Think of ROTEM as a way to watch a blood clot form in “high definition”. Instead of just telling a doctor if a clot will form, ROTEM measures the quality and strength of the clot as it develops. It provides a rapid assessment of:
- How long it takes for a clot to start.
- How firm the clot is.
- How stable the clot remains over time.
ROTEM uses different “assays” (mini-tests) to look at specific parts of the blood. For example, the FIBTEM assay ignores platelets to see if the baby has enough fibrinogen (a “glue-like” protein), while HEPTEM can check the blood even if there is still heparin (a blood thinner) present. This gives doctors a level of detail that traditional lab tests, which can take a long time to return results, simply cannot match.
The Study: Putting the Algorithm to the Test
The researchers at Nationwide Children’s Hospital wanted to see if using a strict ROTEM-guided “algorithm” (a step-by-step decision tree) would work better than the old way of doing things.
They looked at two groups of babies:
- The Control Group (28 patients): Babies who had surgery the “old way,” where doctors gave blood products based on routine clinical practice.
- The ROTEM Group (40 patients): Babies whose blood product doses were decided by the new ROTEM roadmap.
The study focused on the most complex “high-risk” procedures, such as the Arterial Switch and the Norwood procedure.
The Results: Less is More
The results were impressive. By using the ROTEM roadmap, the team found they could achieve better clotting with fewer products.
Key Findings:
- Fewer Platelets: Babies in the ROTEM group received significantly fewer platelets during surgery (36 mL/kg vs. 49 mL/kg in the old group).
- Less “Blood Glue”: They used nearly 50% less cryoprecipitate (8 mL/kg in the ROTEM group vs. 15 mL/kg in the control group).
- Better Recovery: Once the babies got to the Intensive Care Unit (ICU), those in the ROTEM group had higher blood counts (hematocrit) and less bleeding from their chest tubes.
Basically, because the doctors had a clearer “picture” of the blood, they didn’t have to over-transfuse “just in case”.

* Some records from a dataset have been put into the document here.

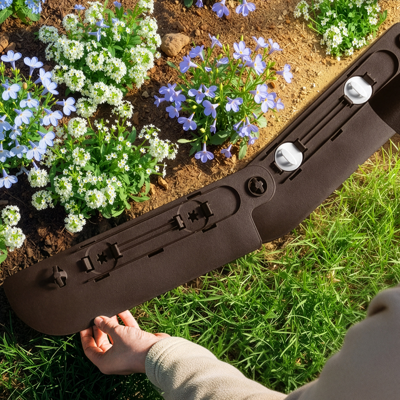 У бордюра гибкая конструкция. Можете сделать изогнутые, плавные границы между цветами и украсить клумбы разной формы. Бордюр легко повторит рельеф.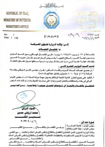 بالوثيقة.. وزير الداخلية يوجه المفارز الأمنية بتسهيل حركة النواب والتعامل الحسن معهم
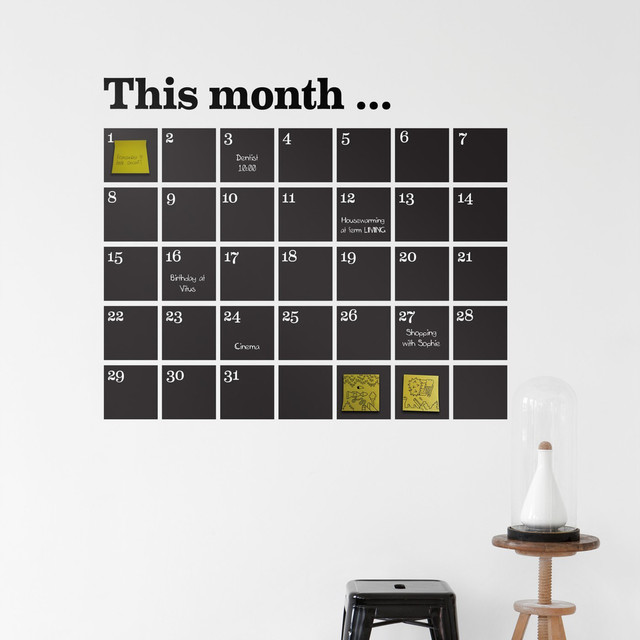 Der selbstklebende „Wandsticker-Kalender“ des dänischen Herstellers Ferm Living besteht aus mit Kreide beschriftbarem Vinyl. Da die Folie rückstandslos abziehbar ist, kann er Wand, Möbel oder Spiegel zieren. Im Paket inklusive: die gelben Post-Its für weitere Notizen.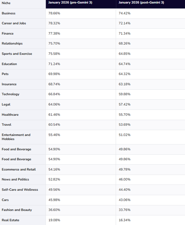 Dans le même temps, 30 267 nouveaux domaines (33,9 %) sont apparus après le lancement de Gemini 3.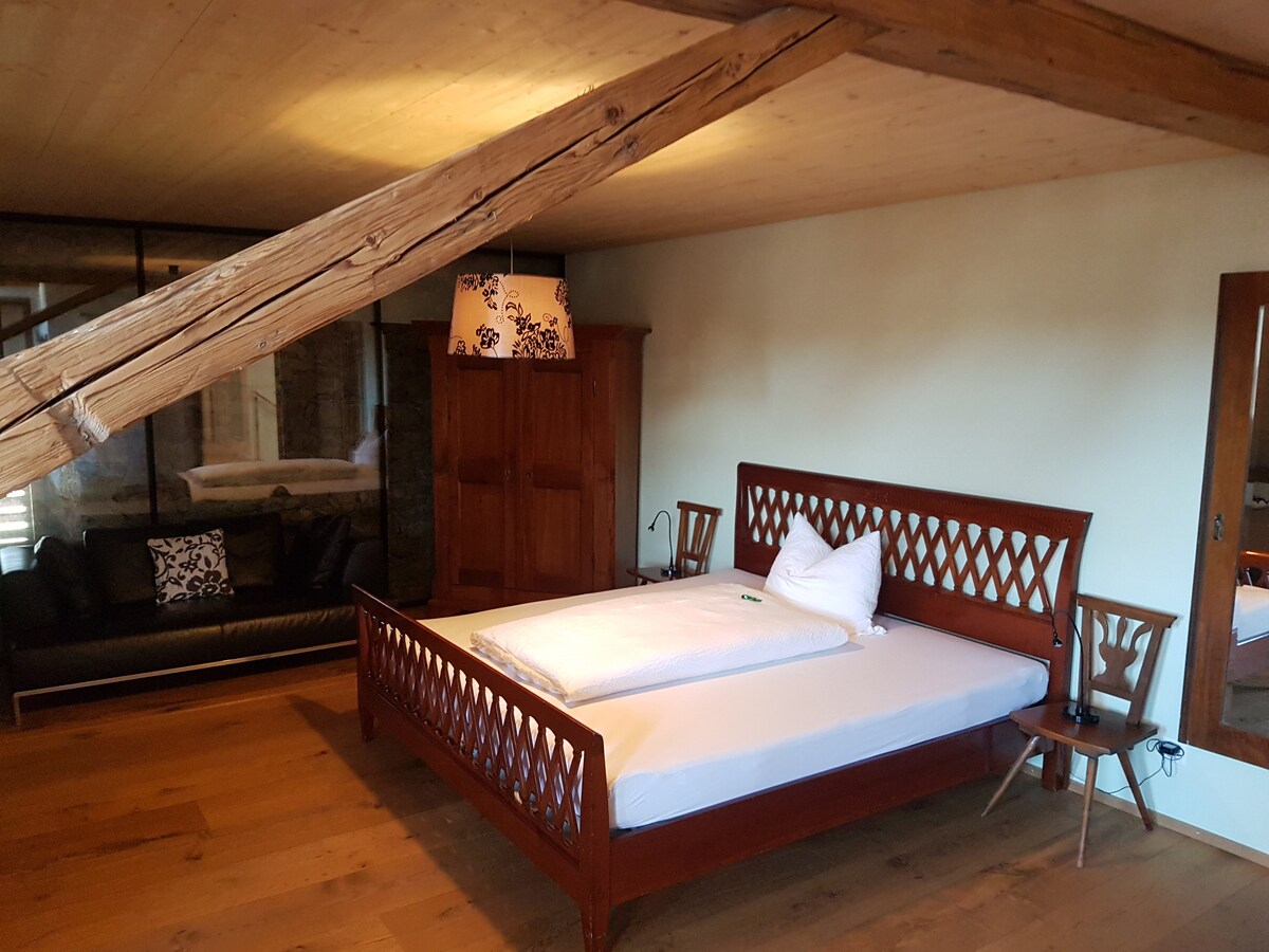 Üdvözlünk egy elbűvölő, történelmi irodaházban, amely ma stílusos vendégházként ragyog retró bájjal. Mindössze 7 szobával személyes butikház hangulatot élhetsz át kastélyra néző kilátással, napos udvarral és tágas társalgóval. 7 perc alatt az óvárosban, 5 perc alatt a tónál és körülbelül 1 óra alatt Zürichben, Rigiben vagy Interlakenben vagy. Önálló bejutás és ingyenes parkolás az árban. Közös fürdőszobák. Több szoba is lefoglalható egyszerre.

Safety First: The Balancing Act
Giving blood products is a delicate balance. If you don’t give enough, the baby can bleed dangerously. If you give too many, or use too many “clot-promoting” drugs (called factor concentrates), the baby could develop an unwanted blood clot (thrombosis).
In this study, ten patients across both groups did develop blood clots. The researchers noted that these clots were usually linked to using multiple types of “factor concentrates” (powerful drugs like rFVIIa or Kcentra) rather than the ROTEM technology itself. This highlights that while ROTEM is a powerful tool, doctors must still use it carefully, especially when using high-strength clotting medicines.

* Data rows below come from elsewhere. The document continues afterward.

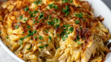 French Onion Chicken Orzo Casserole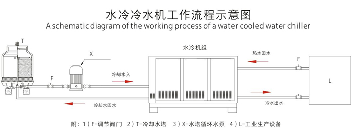 3、水冷系列需要配置冷卻水塔及冷卻水泵,冷水機放置在室內,噪音比較低,制冷效果更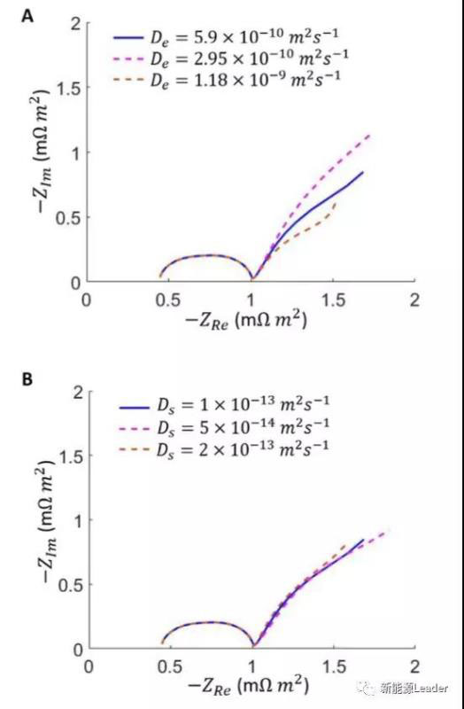 為了分析低頻區(qū)擴(kuò)散阻抗的構(gòu)成,作者在上述模型中分別調(diào)節(jié)電解液和固相擴(kuò)散常數(shù)(增加1倍和減少一半)看對(duì)擴(kuò)散阻抗的影響,根據(jù)下圖所示的擬合結(jié)果可以看到低頻區(qū)的擴(kuò)散阻抗對(duì)電解液擴(kuò)散阻抗的變化更為敏感,因此作者認(rèn)為擴(kuò)散阻抗是由液相擴(kuò)散主導(dǎo)的,但是小編認(rèn)為由于電解液的擴(kuò)散系數(shù)比固相擴(kuò)散系數(shù)高4-5個(gè)數(shù)量級(jí),這里液相擴(kuò)散系數(shù)的變化數(shù)值是固相擴(kuò)散的數(shù)千倍,自然模型對(duì)于液相擴(kuò)散系數(shù)變化更為敏感,但是實(shí)際中液相擴(kuò)散系數(shù)是否會(huì)有這么大的變化還需要進(jìn)一步的驗(yàn)證。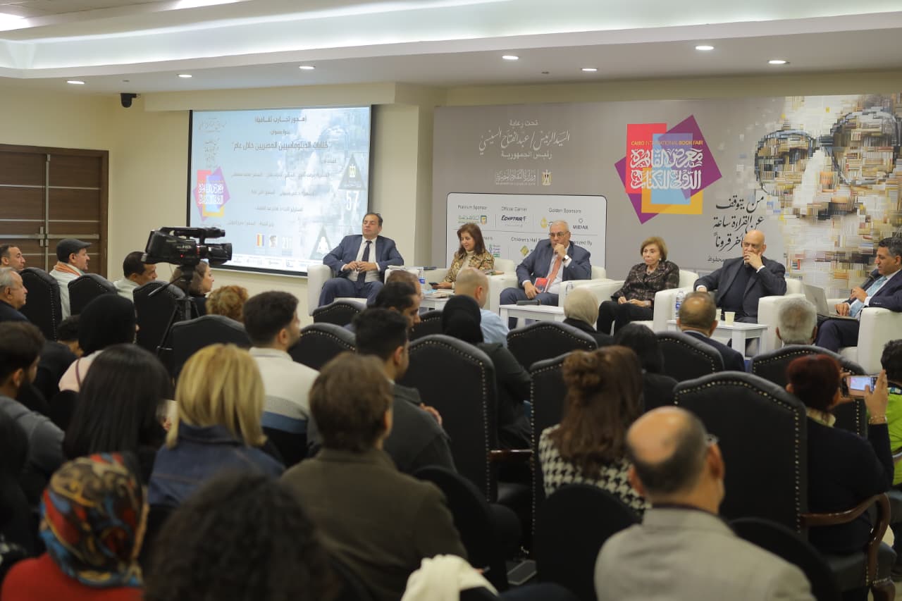 شهد محور «تجارب ثقافية» ضمن فعاليات معرض القاهرة الدولي للكتاب، انعقاد ندوة بعنوان «كتابات الدبلوماسيين المصريين خلال عام 2025»، بمشاركة نخبة من السفراء والدبلوماسيين المصريين الذين قدّموا خلال العام إصدارات فكرية وأدبية وسياسية تعكس خبراتهم الممتدة في العمل الدبلوماسي، وذلك في إطار تسليط الضوء على الدور الثقافي والمعرفي للدبلوماسي المصري إلى جانب دوره المهني الرسمي.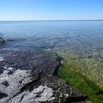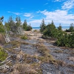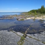 Description: Lake Huron Cabin 10 x 15 feet plus screened porch 10 x 6 feet on 25 acres with 150 feet of beautiful, flat, limestone water frontage. Great view while walking on the long beach. There is a shed (could be bunkie) and privy plus all the contents including a wood burning stove and 2 sea kayaks. Excellent driveway from Cedar Tree Trail via Little Lake Huron and Pebble Roads. Very close to Misery Bay. $189,000 (1560) Taxes $363 (2021)

The Future of “Bloodless” Surgery
For some families, such as those who are Jehovah’s Witnesses, avoiding blood transfusions is a religious requirement. Nationwide Children’s Hospital originally started these strategies to respect those beliefs, but they soon realized that reducing blood use is better for everyone.
By using the ROTEM algorithm, the hospital is moving closer to the goal of “bloodless” surgery for even the smallest patients. While the study was small and more research is needed, the team feels much more confident managing the complex bleeding that happens during heart surgery.
Conclusion
Surgery on a newborn is one of the most stressful events a family can face. Knowing that doctors are using cutting-edge “roadmaps” like ROTEM to provide precise, personalized care can offer a huge sense of relief. By focusing on targeted administration, we aren’t just giving babies blood—we are giving them exactly what their tiny hearts need to heal.
Definitions for the Reader:
- Hematocrit: The percentage of red blood cells in the blood (helps carry oxygen).
- Neonates: Babies in their first 28 days of life.
- Cardiopulmonary Bypass (CPB): The machine that does the work of the heart and lungs during surgery.
- Thromboembolic Event: An unwanted blood clot that can block a vessel.The information in the “Definitions” section is provided for context and is not directly sourced from the study.